Generative adversarial networks (GANs) have been extensively studied in the past few years. Arguably their most significant impact has been in the area of computer vision where great advances have been made in challenges such as plausible image generation, image-to-image translation, facial attribute manipulation and similar domains. Despite the significant successes achieved to date, applying GANs to real-world problems still poses significant challenges, three of which we focus on here. These are: (1) the generation of high quality images, (2) diversity of image generation, and (3) stable training. Focusing on the degree to which popular GAN technologies have made progress against these challenges, we provide a detailed review of the state of the art in GAN-related research in the published scientific literature. We further structure this review through a convenient taxonomy we have adopted based on variations in GAN architectures and loss functions. While several reviews for GANs have been presented to date, none have considered the status of this field based on their progress towards addressing practical challenges relevant to computer vision.

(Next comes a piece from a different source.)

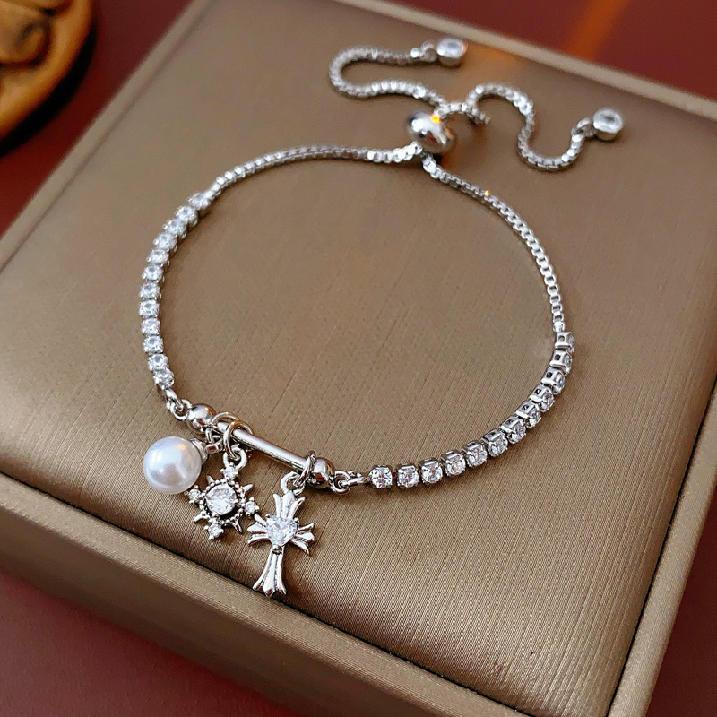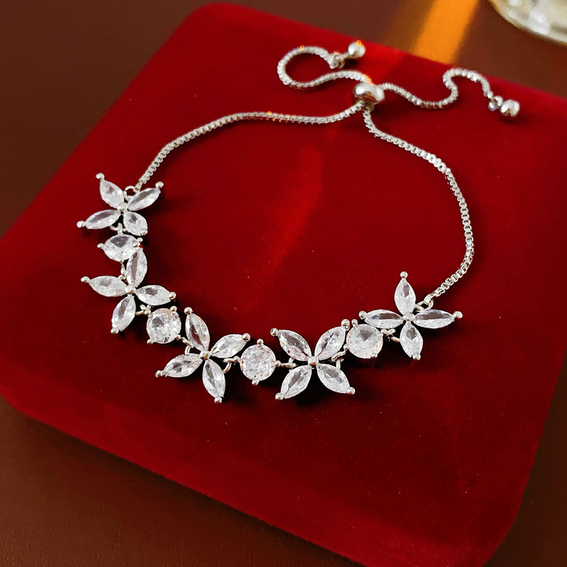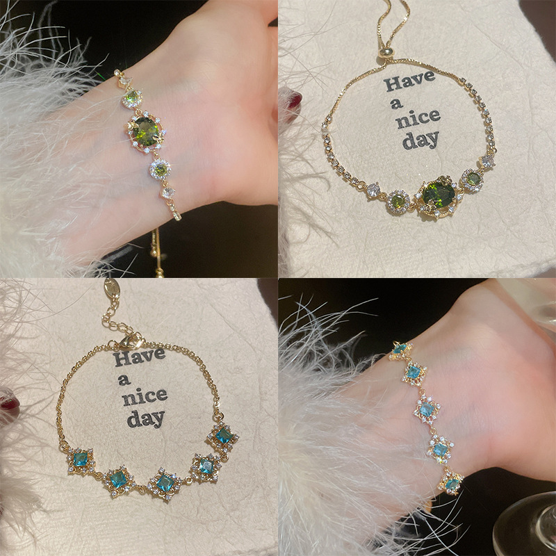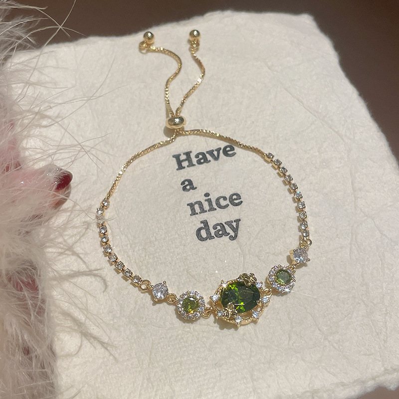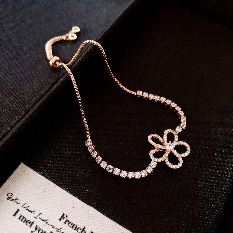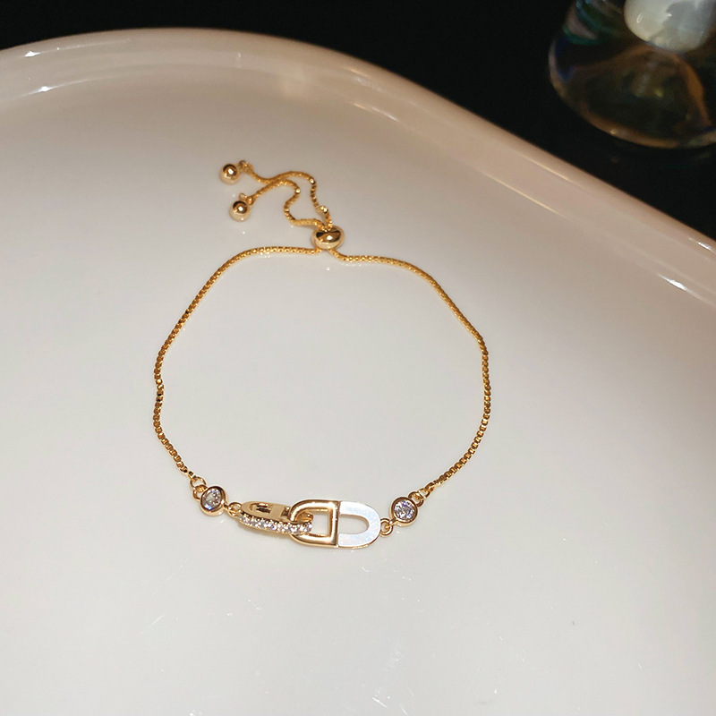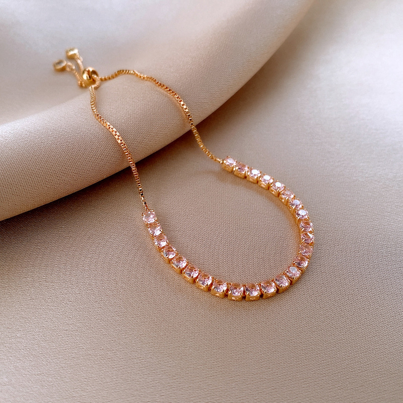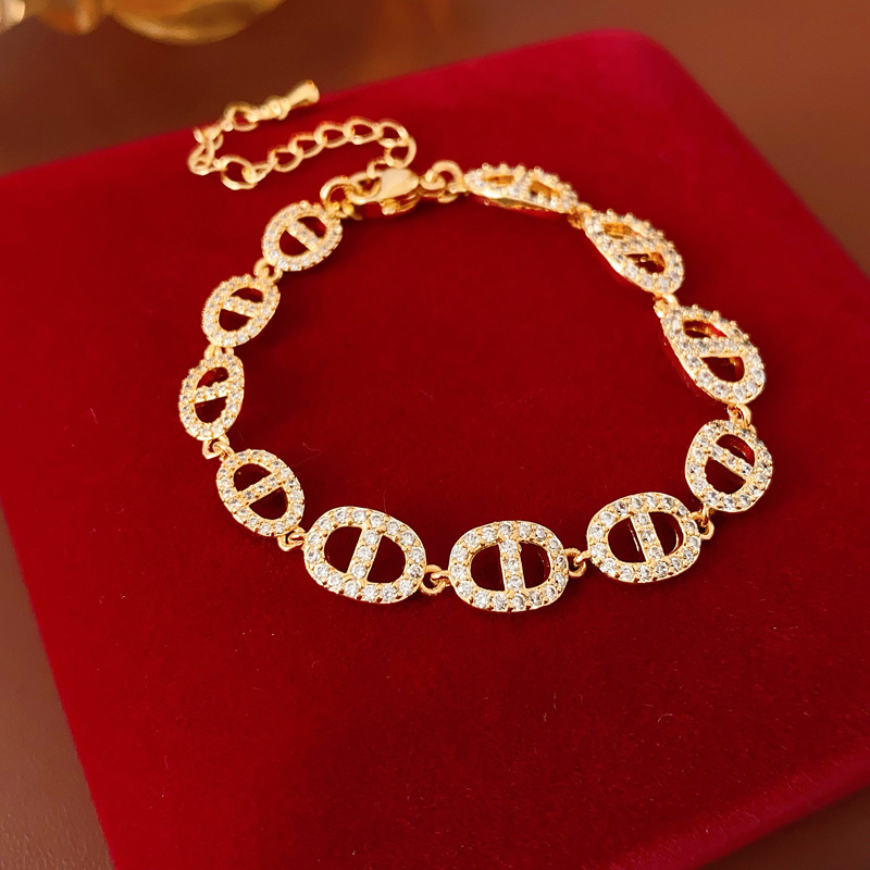 轻奢真金电镀锆石椭圆镶钻可调节手链时尚高级感手环通勤百搭手饰

Accordingly, we review and critically discuss the most popular architecture-variant, and loss-variant GANs, for tackling these challenges. Our objective is to provide an overview as well as a critical analysis of the status of GAN research in terms of relevant progress towards important computer vision application requirements. As we do this we also discuss the most compelling applications in computer vision in which GANs have demonstrated considerable success along with some suggestions for future research directions. Code related to GAN-variants studied in this work is summarized on //github.com/sheqi/GAN_Review.